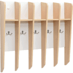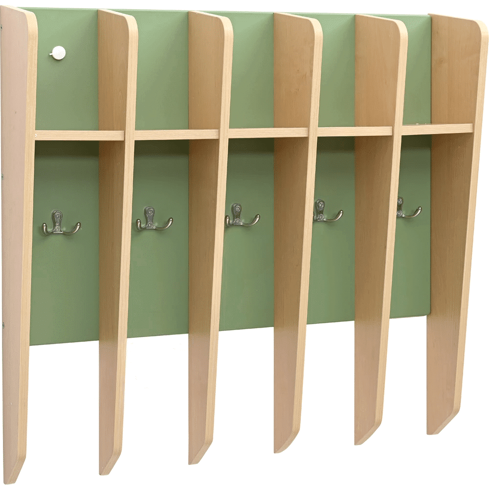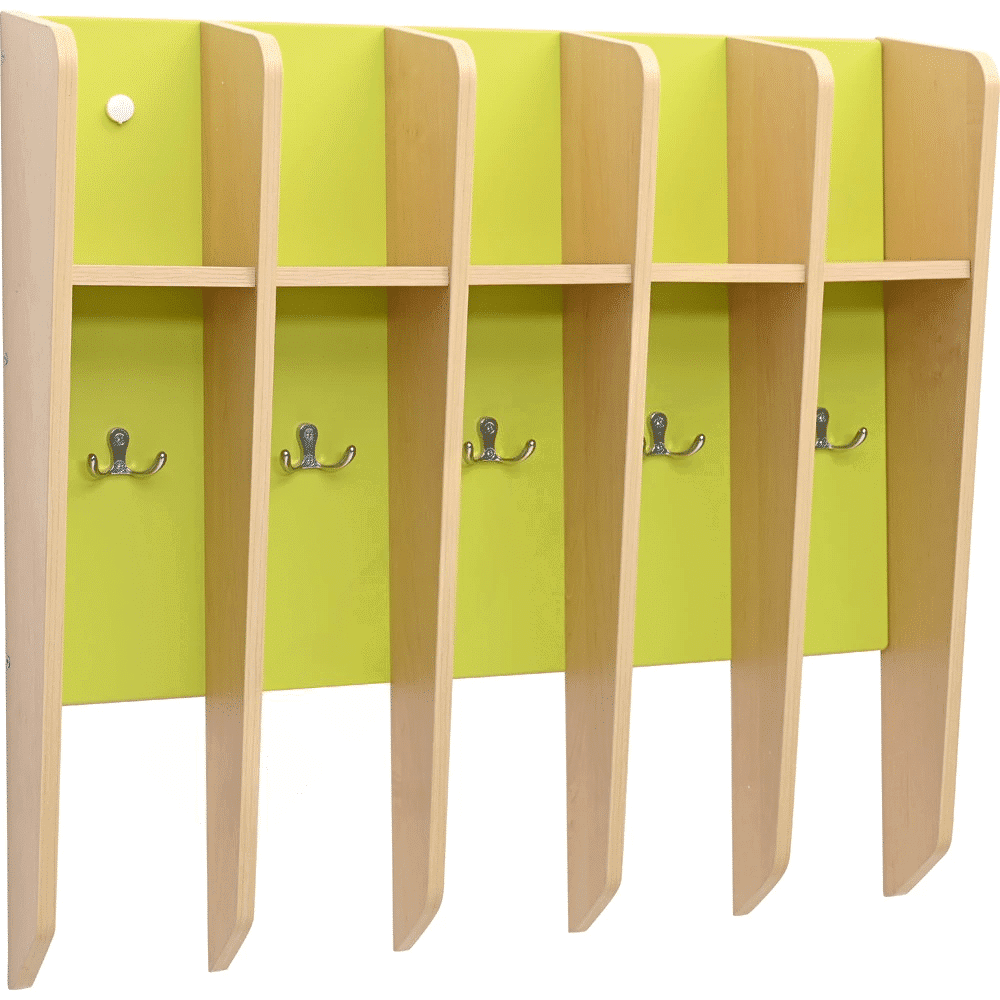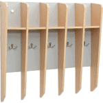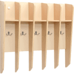 Unser Zahnputzbecherregal ist die ideale Lösung für jeden Kindergarten und jede Kita, die Wert auf Ordnung und Hygiene legt. Gefertigt aus farbiger MDF-Platte und laminierter Spanplatte (Stärke 1 cm), ist dieses Regal nicht nur robust, sondern auch ansprechend gestaltet. Es bietet Platz für 5 Zahnputzbecher und ist mit 5 Doppelhaken ausgestattet, an denen Handtücher ordentlich aufgehängt werden können.
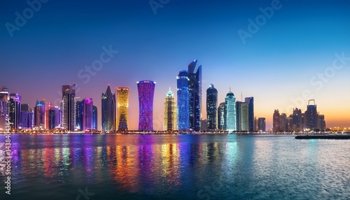 © Melvin, Fototapeta premium beleuchtete skyline in west bay doha katar
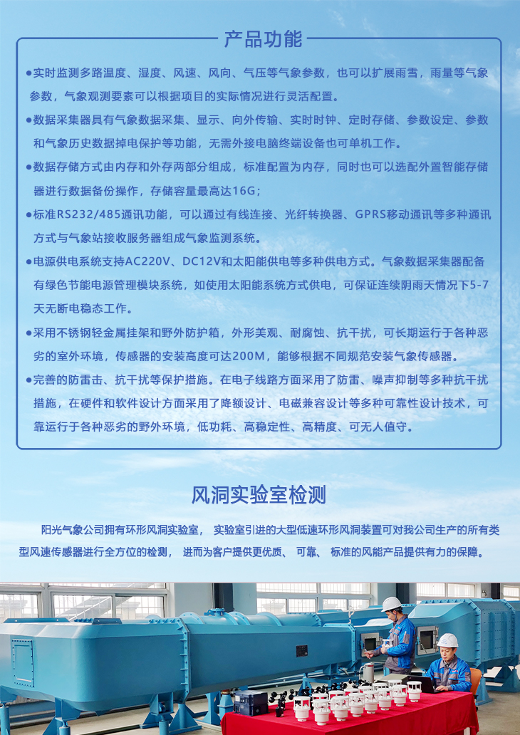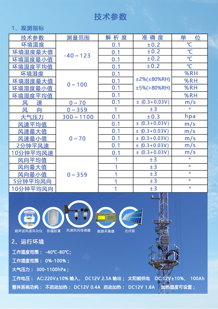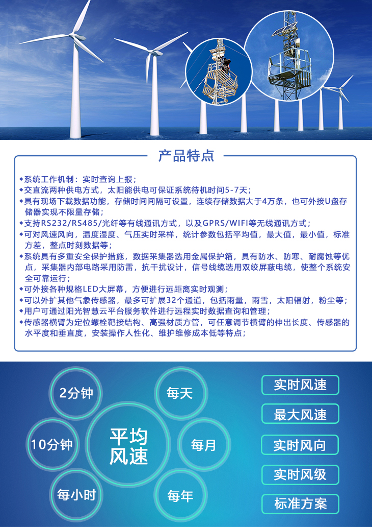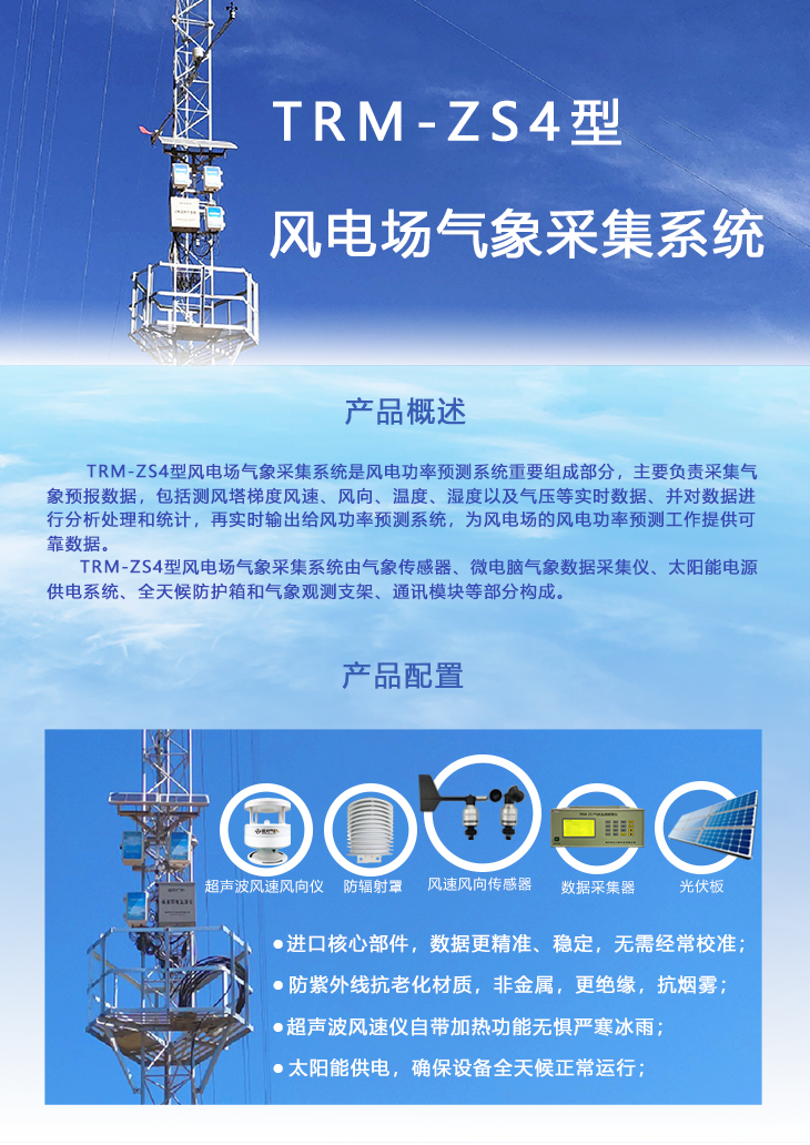 TRM-ZS4型風(fēng)電場氣象采集系統(tǒng)是風(fēng)電功率預(yù)測系統(tǒng)重要組成部分,主要負責(zé)采集氣象預(yù)報數(shù)據(jù),包括測風(fēng)塔梯度風(fēng)速、風(fēng)向、溫度、濕度以及氣壓等實時數(shù)據(jù)、并對數(shù)據(jù)進行分析處理和統(tǒng)計,再實時輸出給風(fēng)功率預(yù)測系統(tǒng),為風(fēng)電場的風(fēng)電功率預(yù)測工作提供可靠數(shù)據(jù)。TRM-ZS4型風(fēng)電場氣象采集系統(tǒng)由氣象傳感器、微電腦氣象數(shù)據(jù)采集儀、太陽能電源供電系統(tǒng)、全天候防護箱和氣象觀測支架、通訊模塊等部分構(gòu)成。
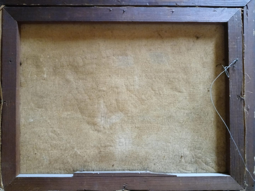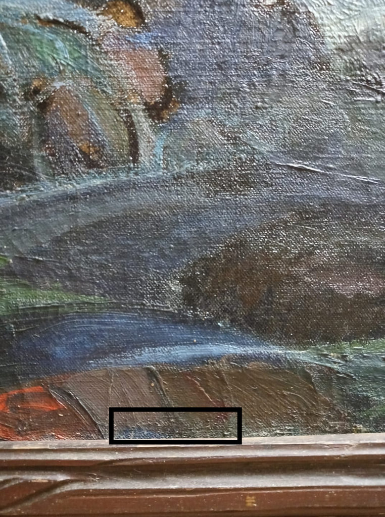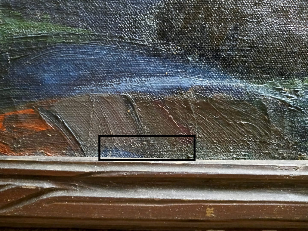 A very lovely painting. The painting's palette and moody atmosphere, as well as the subject, are part of a series Edgar Payne painted of the breaks rocks and coast in Laguna Beach, California. The painting is in good and stable overall condition. There were two very tiny, (less than 1/8 of an inch), chips in the middle of the painting, that have had overpaint for correction, and there is some craquelure, (not deep), as shown. This could be corrected with a nice thicker layer of professional varnish; (this would also be recommended for long-term preservation, from sunlight). There are no other restorations; other than this, the painting is completely original. Edgar Alwin Payne original seascape oil painting alone measures approximately 19"X25". In original, antique, wood carved Arts and Crafts Era Newcomb Macklin frame; the painting measures approximately 28"X 22". The painting is signed, lower center, along the very bottom edge; (emphasized inside of the black rectangular annotation box). It is estimated this painting was done around 1909-1910; (the painting is very old). Painting still retains the old nails holding the back of the canvas, to the original wooden stretcher frame.
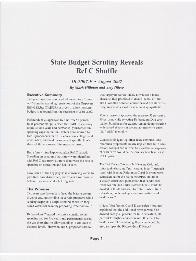 Lawmakers asked voters for a "timeout" from the spending restrictions of the Taxpayers Bill of Rights. John sutter: voters have cause to believe they were sold a bill of goods. He says some of the key players in convincing voters to pass Referendum C are dissatisfied.
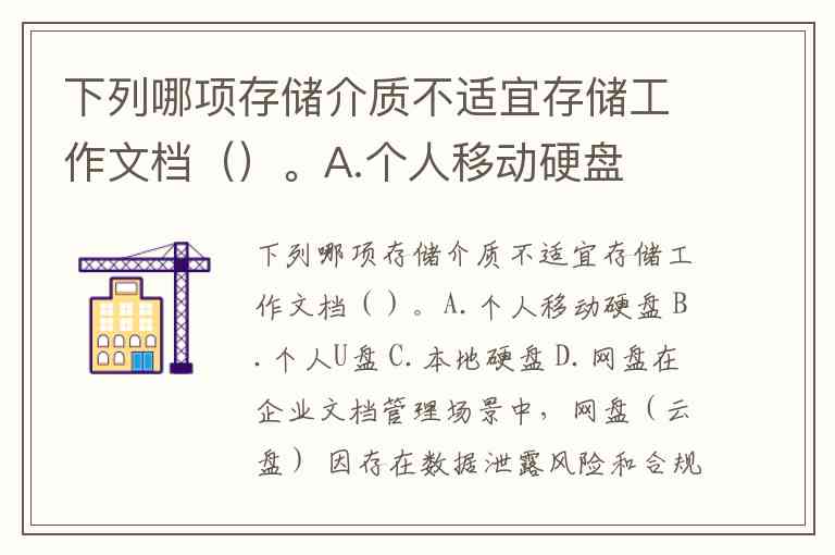 下列哪项存储介质不适宜存储工作文档()。A.个人移动硬盘 B.个人U盘 C.本地硬盘 D.网盘
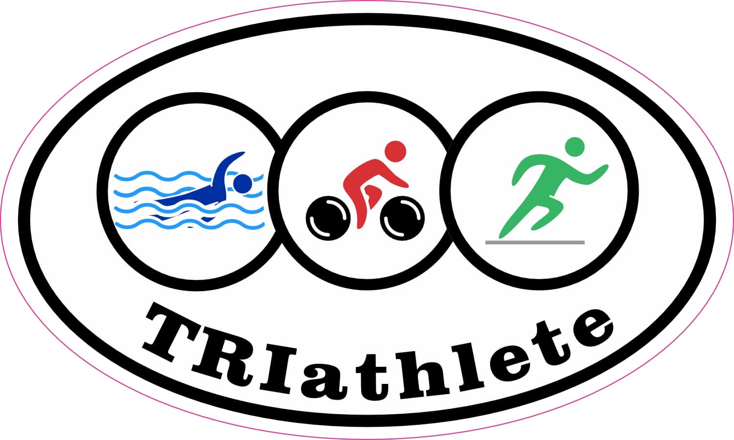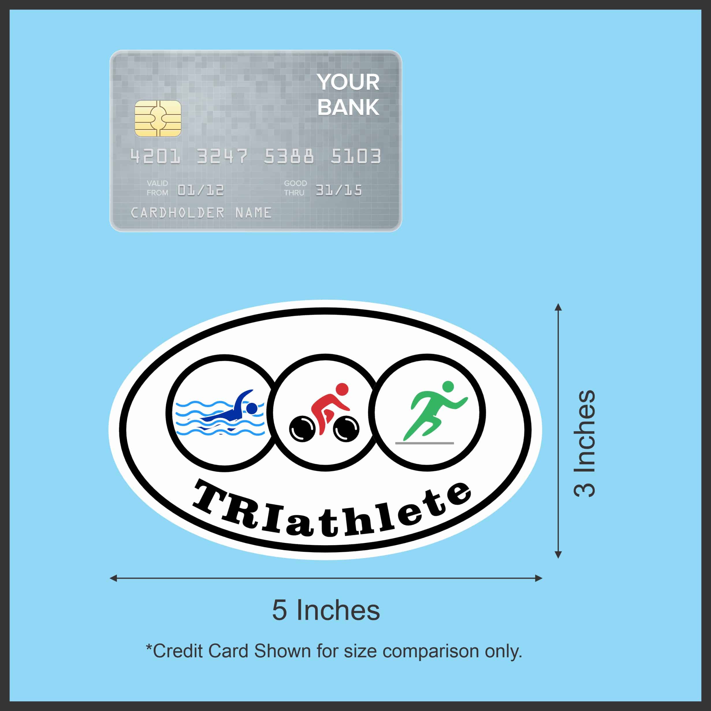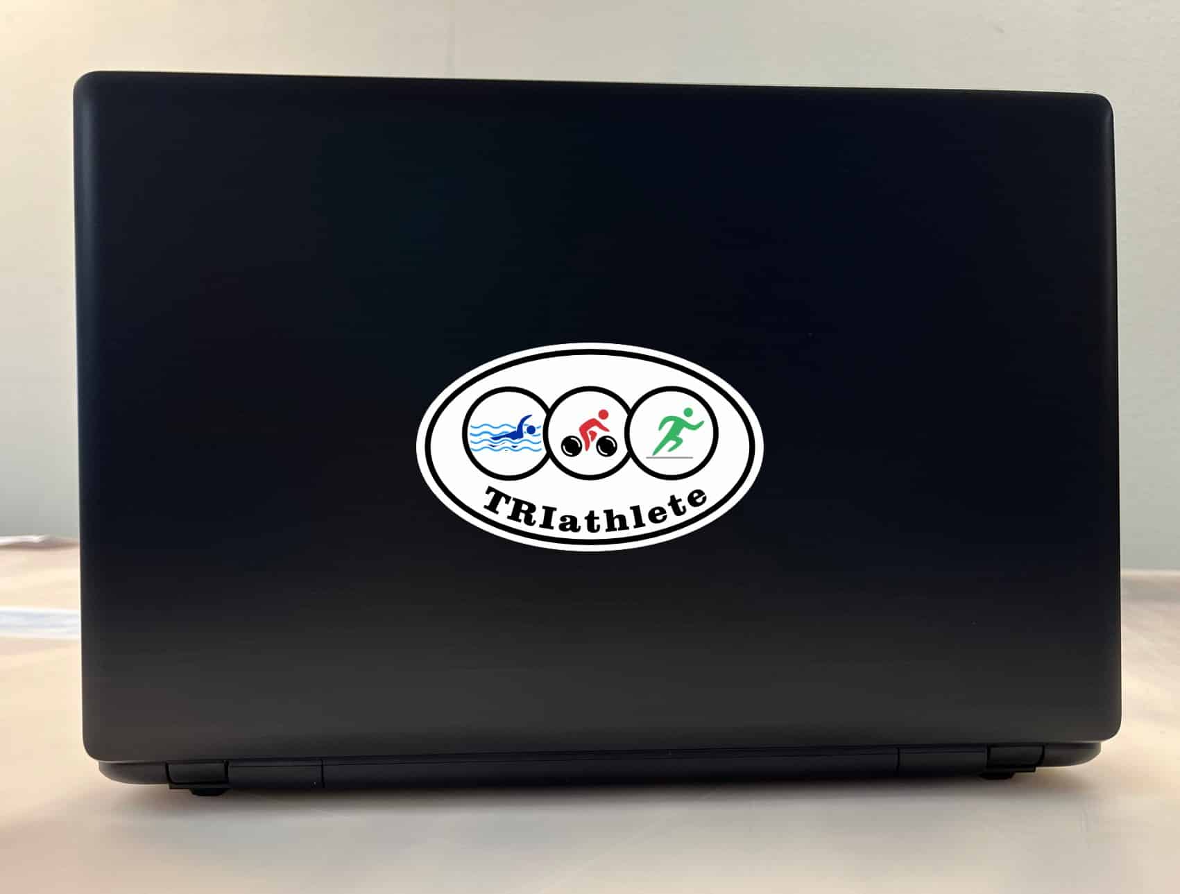 This sticker measures 5 inches wide and 3 inches tall. It is a white oval with a black border. At the bottom of the sticker, it says “TRIathlete.” Above that there are icons of a person swimming, riding a bicycle, and running. This sticker is perfect for triathlon athletes. It looks beautiful when applied to a flat smooth surface.

★ ★ ★ ★ ★ ★ ★

**Task instructions**. Please repeat the data above exactly as it appears, pictures excluded.

**Written response**.
 Unser Zahnputzbecherregal ist die ideale Lösung für jeden Kindergarten und jede Kita, die Wert auf Ordnung und Hygiene legt. Gefertigt aus farbiger MDF-Platte und laminierter Spanplatte (Stärke 1 cm), ist dieses Regal nicht nur robust, sondern auch ansprechend gestaltet. Es bietet Platz für 5 Zahnputzbecher und ist mit 5 Doppelhaken ausgestattet, an denen Handtücher ordentlich aufgehängt werden können.
 © Melvin, Fototapeta premium beleuchtete skyline in west bay doha katar
 TRM-ZS4型風(fēng)電場氣象采集系統(tǒng)是風(fēng)電功率預(yù)測系統(tǒng)重要組成部分,主要負責(zé)采集氣象預(yù)報數(shù)據(jù),包括測風(fēng)塔梯度風(fēng)速、風(fēng)向、溫度、濕度以及氣壓等實時數(shù)據(jù)、并對數(shù)據(jù)進行分析處理和統(tǒng)計,再實時輸出給風(fēng)功率預(yù)測系統(tǒng),為風(fēng)電場的風(fēng)電功率預(yù)測工作提供可靠數(shù)據(jù)。TRM-ZS4型風(fēng)電場氣象采集系統(tǒng)由氣象傳感器、微電腦氣象數(shù)據(jù)采集儀、太陽能電源供電系統(tǒng)、全天候防護箱和氣象觀測支架、通訊模塊等部分構(gòu)成。
 A very lovely painting. The painting's palette and moody atmosphere, as well as the subject, are part of a series Edgar Payne painted of the breaks rocks and coast in Laguna Beach, California. The painting is in good and stable overall condition. There were two very tiny, (less than 1/8 of an inch), chips in the middle of the painting, that have had overpaint for correction, and there is some craquelure, (not deep), as shown. This could be corrected with a nice thicker layer of professional varnish; (this would also be recommended for long-term preservation, from sunlight). There are no other restorations; other than this, the painting is completely original. Edgar Alwin Payne original seascape oil painting alone measures approximately 19"X25". In original, antique, wood carved Arts and Crafts Era Newcomb Macklin frame; the painting measures approximately 28"X 22". The painting is signed, lower center, along the very bottom edge; (emphasized inside of the black rectangular annotation box). It is estimated this painting was done around 1909-1910; (the painting is very old). Painting still retains the old nails holding the back of the canvas, to the original wooden stretcher frame.
 Lawmakers asked voters for a "timeout" from the spending restrictions of the Taxpayers Bill of Rights. John sutter: voters have cause to believe they were sold a bill of goods. He says some of the key players in convincing voters to pass Referendum C are dissatisfied.
 下列哪项存储介质不适宜存储工作文档()。A.个人移动硬盘 B.个人U盘 C.本地硬盘 D.网盘
 This sticker measures 5 inches wide and 3 inches tall. It is a white oval with a black border. At the bottom of the sticker, it says “TRIathlete.” Above that there are icons of a person swimming, riding a bicycle, and running. This sticker is perfect for triathlon athletes. It looks beautiful when applied to a flat smooth surface.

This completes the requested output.